▸ WORK ITEM
Pictures must not appear in the copy. Restate exactly the lines below from the one with "Keywords: tree log" through the one with "С открытыми полками, Без", inclusive.

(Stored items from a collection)
# # #

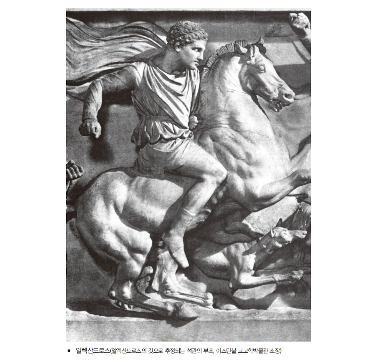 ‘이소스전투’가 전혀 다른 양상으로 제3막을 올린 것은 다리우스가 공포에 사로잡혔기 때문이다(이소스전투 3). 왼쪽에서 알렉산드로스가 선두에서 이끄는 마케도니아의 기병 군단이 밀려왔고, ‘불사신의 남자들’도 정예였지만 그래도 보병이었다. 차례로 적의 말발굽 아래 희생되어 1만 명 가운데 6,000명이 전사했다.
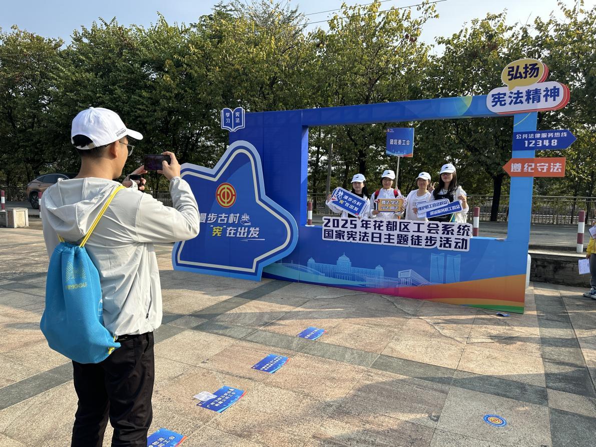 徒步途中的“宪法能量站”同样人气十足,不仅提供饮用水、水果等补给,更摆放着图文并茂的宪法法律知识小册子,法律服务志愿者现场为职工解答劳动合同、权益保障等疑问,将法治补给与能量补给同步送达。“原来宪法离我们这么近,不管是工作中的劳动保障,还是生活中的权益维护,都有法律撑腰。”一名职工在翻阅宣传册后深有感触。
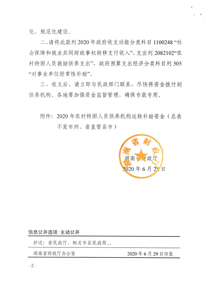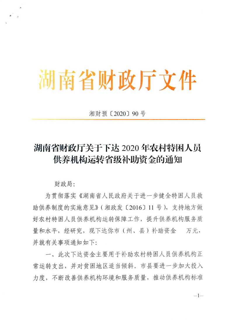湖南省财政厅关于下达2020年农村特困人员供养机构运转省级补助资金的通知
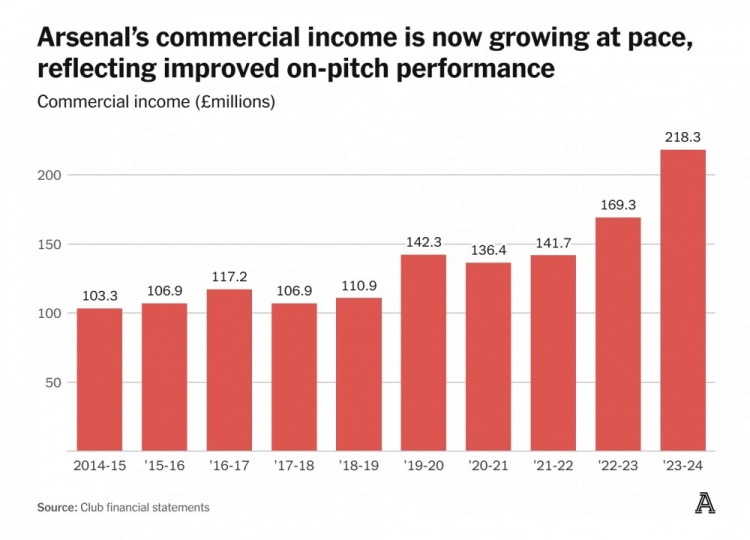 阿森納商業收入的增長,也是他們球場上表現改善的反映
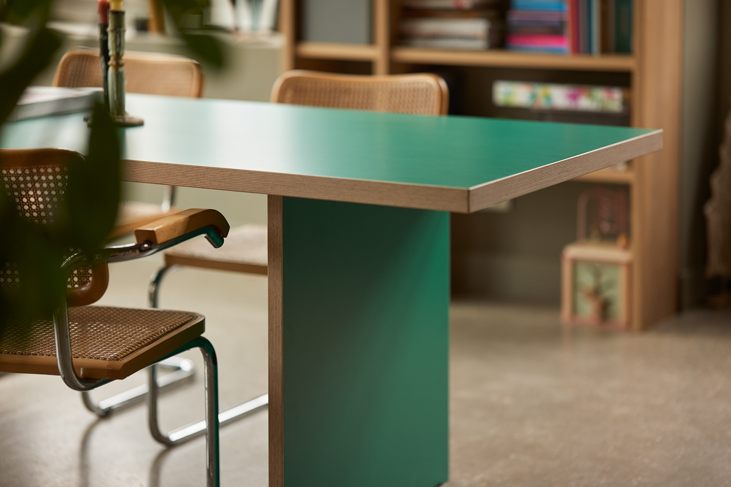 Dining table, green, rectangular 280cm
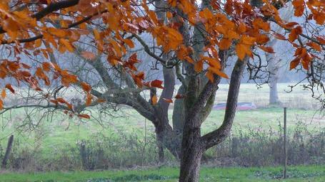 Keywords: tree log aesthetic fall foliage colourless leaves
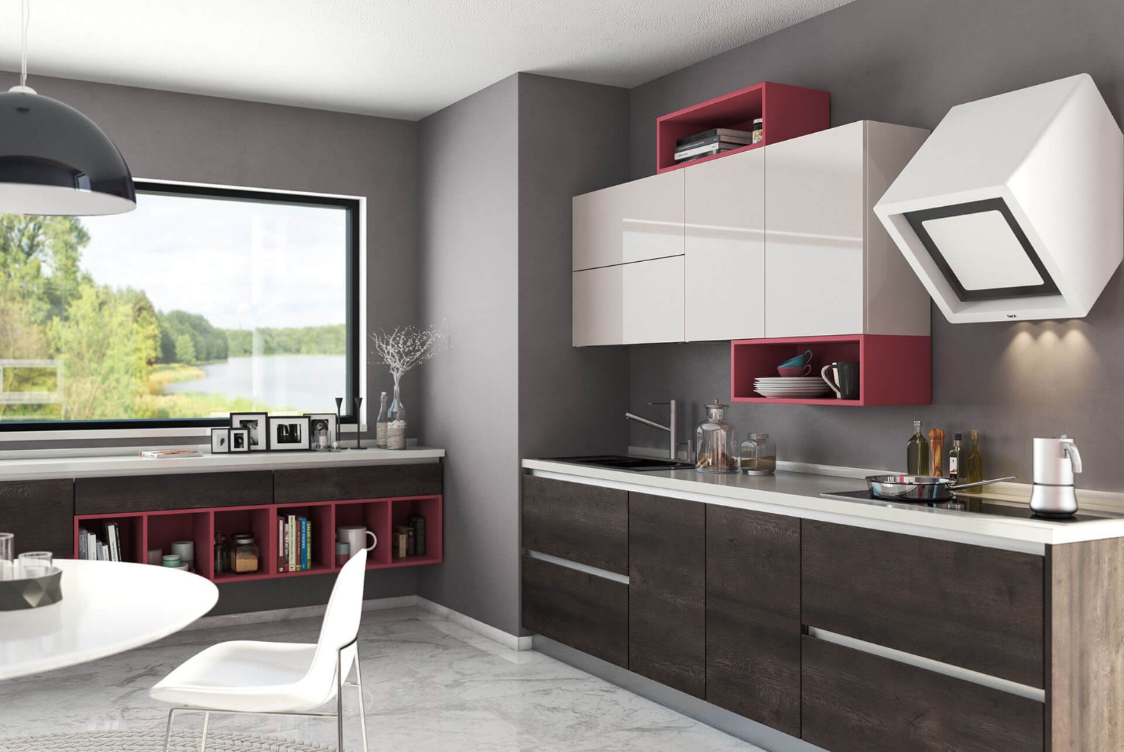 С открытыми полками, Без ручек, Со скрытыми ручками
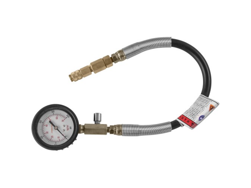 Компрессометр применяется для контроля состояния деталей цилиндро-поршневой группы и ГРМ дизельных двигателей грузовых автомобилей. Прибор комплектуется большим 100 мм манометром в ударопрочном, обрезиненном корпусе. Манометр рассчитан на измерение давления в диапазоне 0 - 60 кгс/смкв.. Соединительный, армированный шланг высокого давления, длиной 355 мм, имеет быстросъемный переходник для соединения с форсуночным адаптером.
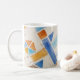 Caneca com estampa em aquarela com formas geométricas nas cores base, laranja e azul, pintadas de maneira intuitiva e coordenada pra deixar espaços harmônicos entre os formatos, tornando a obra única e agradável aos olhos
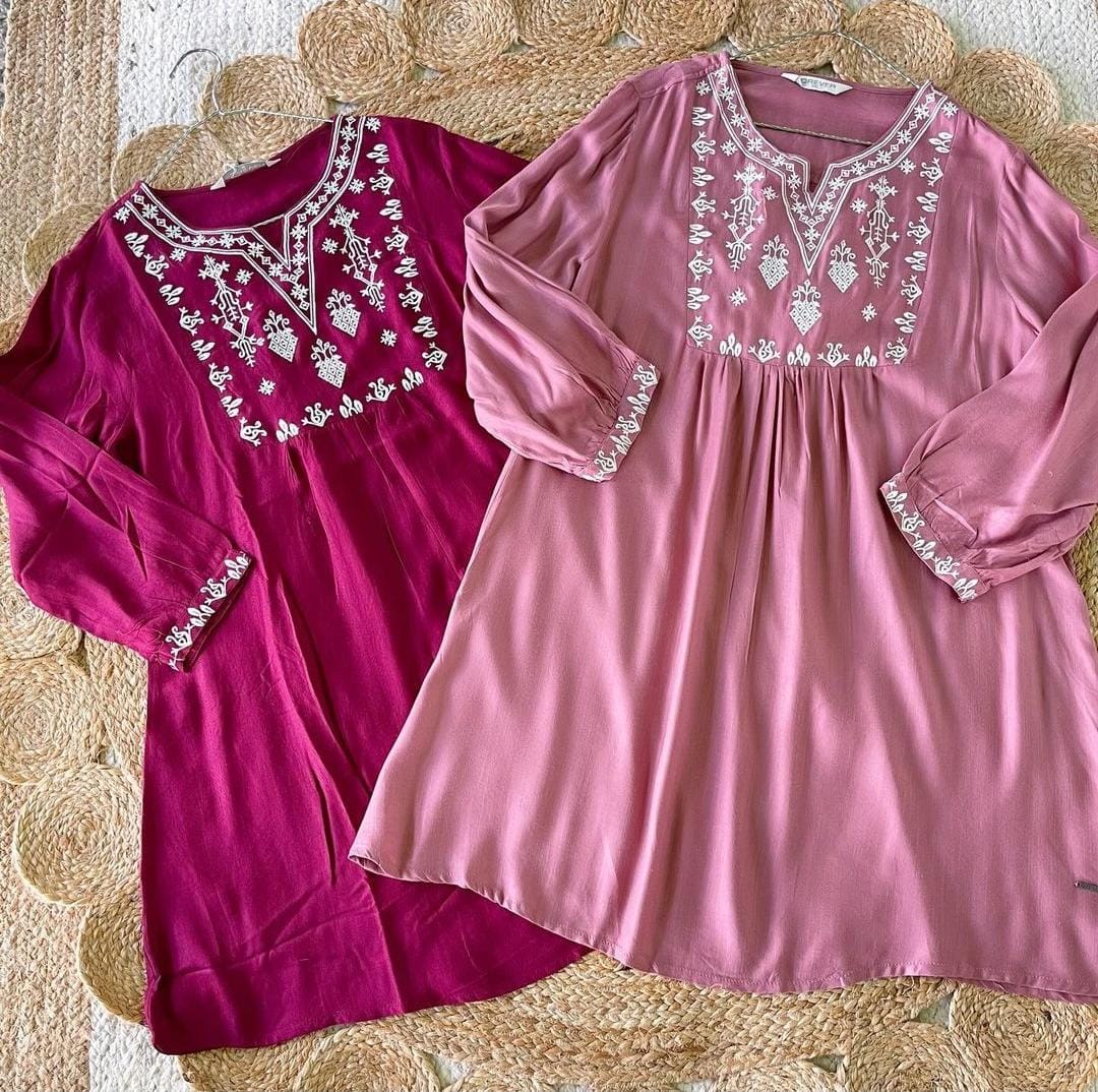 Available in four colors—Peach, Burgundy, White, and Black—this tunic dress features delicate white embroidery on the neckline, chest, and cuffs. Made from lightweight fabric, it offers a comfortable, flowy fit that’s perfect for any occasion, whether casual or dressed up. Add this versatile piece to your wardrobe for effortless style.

# # #

▸ SOLVED EXERCISE
 Keywords: tree log aesthetic fall foliage colourless leaves
 С открытыми полками, Без ручек, Со скрытыми ручками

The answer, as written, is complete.